“Tying Genome Variation in Regulatory Regions to Neurodegenerative Phenotypes”
Terry Gaasterland, PhD
Professor of Computational Biology and Genomics
Director, Scripps Genome Center
University of California, San Diego
Abstract: The use of exome sequencing (genome-wide sequencing enriched to cover exons) to identify disease-causing genomic changes has focused to date on the interpretation of variants within protein coding regions. We have developed computational and statistical methods to use exome data to examine introns, promoters and untranslated regions (UTRs) in the context of disease cohorts compared with general populations including the 1000 Genomes (1000G), Exome Sequencing Project (ESP), and the Exome Aggregation Consortium (ExAC) and control populations in the Alzheimer’s Disease Sequencing Project. These methods were applied to 333 patients of European descent and 12 patients of African descent with progressive optic nerve degeneration due to primary open angle glaucoma (POAG), 13 patients of Taiwanese descent with migraine, and 32 patients of mixed descent born with congenital glaucoma. All patients analyzed have first-degree relatives with disease, thus increasing the likelihood of finding genetic explanations for disease. Relationships between sequenced individuals, if any, are known. The genetics of POAG, migraine, and congenital glaucoma are complex; to date, no single causative genomic variant has been established as causing any of these diseases. Our analysis of regulatory regions provides new insights for further functional study through targeted experiments.
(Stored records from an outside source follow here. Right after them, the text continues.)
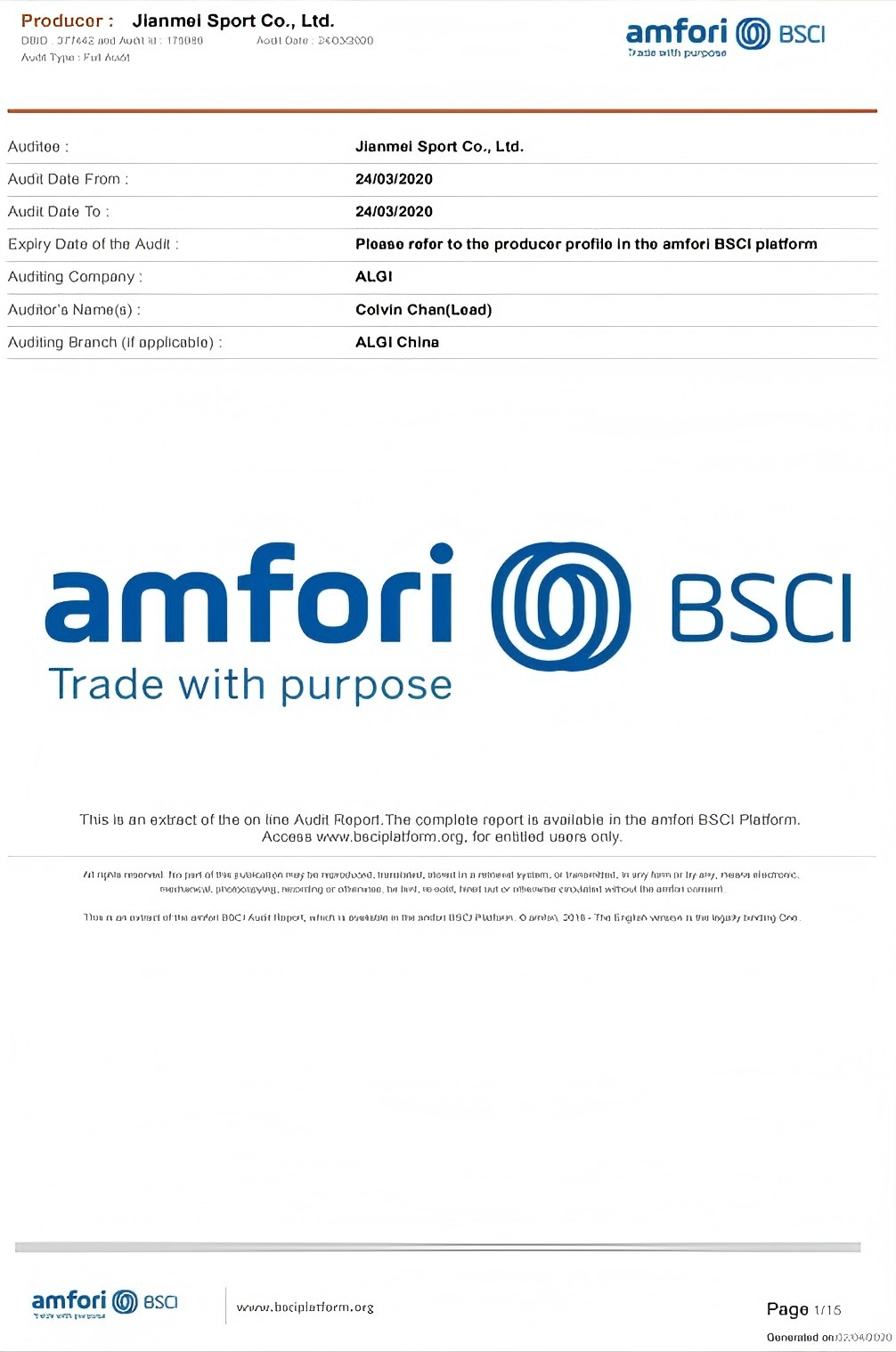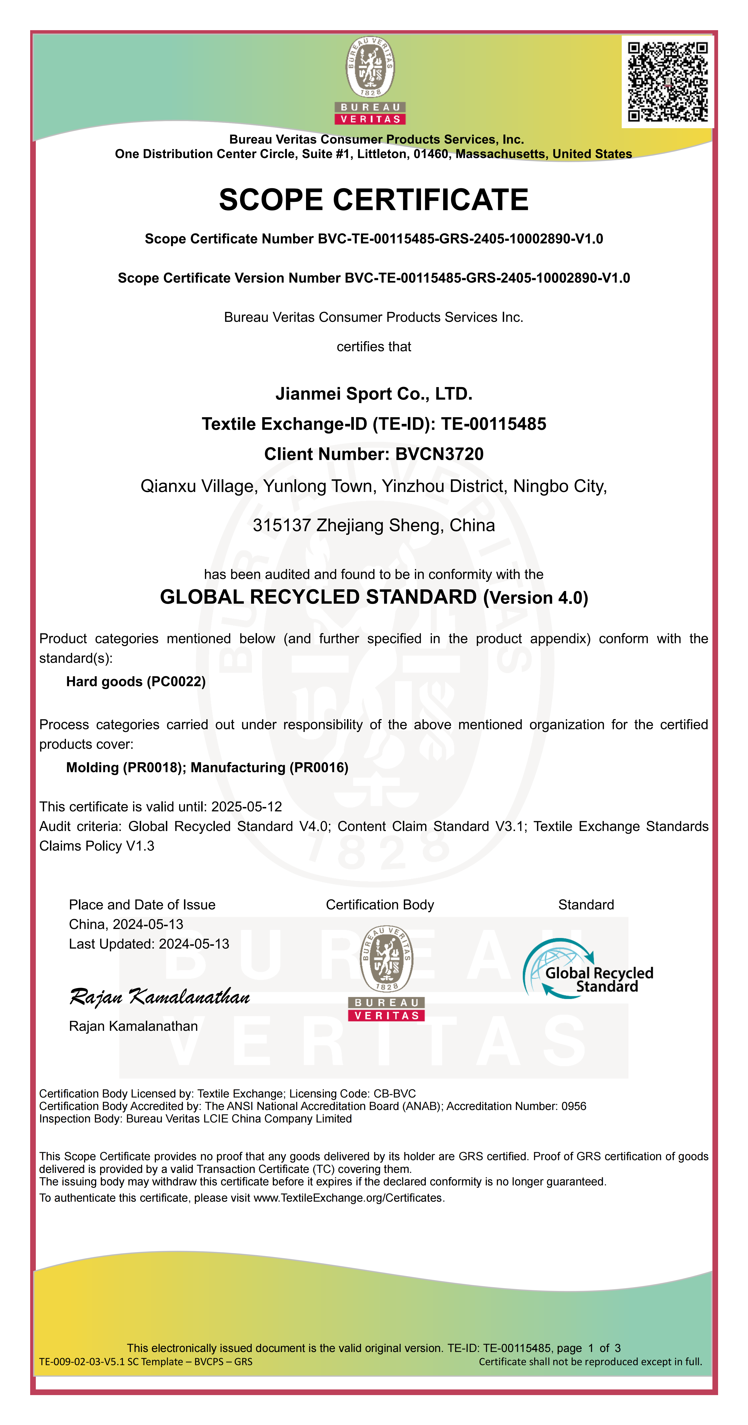 Scansione da visitare| Nome certificato: | GLOBAL RECYCLED STANDARD (Version 4.0) |
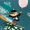 Прямо с гребня ныряю в белое ничто, уехавших вперёд не видно, даже силуэтов, следы на склоне не читаются. Глаза не может зацепиться за ориентиры, их просто нет! Еду в прямом смысле на ощупь, первые пара-тройка дуг корявые, но потом как будто в голове переключился тумблер: поворот, поворот, прыжок – опора ушла из под доски, не беда - снега столько, что встреча с землёй проходит, как в перину.
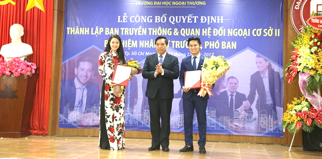 Tại buổi lễ, PGS. TS Bùi Anh Tuấn - Hiệu trưởng đã trao Quyết định thành lập, các quyết định bổ nhiệm và phân công nhân sự của Ban Truyền thông và Quan hệ đối ngoại. Theo đó, bổ nhiệm ThS. Lê Giang Nam - Giảng viên Bộ môn Nghiệp vụ giữ chức vụ Trưởng Ban; ThS. Nguyễn Thị Huỳnh Giao - Giảng viên Bộ môn Cơ sở - Cơ bản giữ chức vụ Phó trưởng Ban.

In the case of POAG, genome-wide sequencing of exons from protein coding and non-coding genes in 285 patients revealed ~50 associated SNP sites within ~30 genes. Of these, two-thirds were located in introns or untranslated regions (UTR). To rank and prioritize genes and generate hypotheses about molecular mechanisms disrupted by associated variant sites, mRNA and small RNA (microRNA) were sequenced from ocular tissues relevant to the disease. Intronic SNPs were assessed for impact on alternative splice isoforms, and UTR SNPs were assessed for impact on microRNA binding. An additional cohort of associated SNPs appear between genes and in follow-up analysis may implicate enhancers or promoters in disease processes.
Analysis protocols and techniques for integrated data interpretation to construct putative regulatory networks underlying disease will be discussed. The data collection and analysis methods are generally applicable beyond glaucoma to other chronic, progressive diseases associated with aging.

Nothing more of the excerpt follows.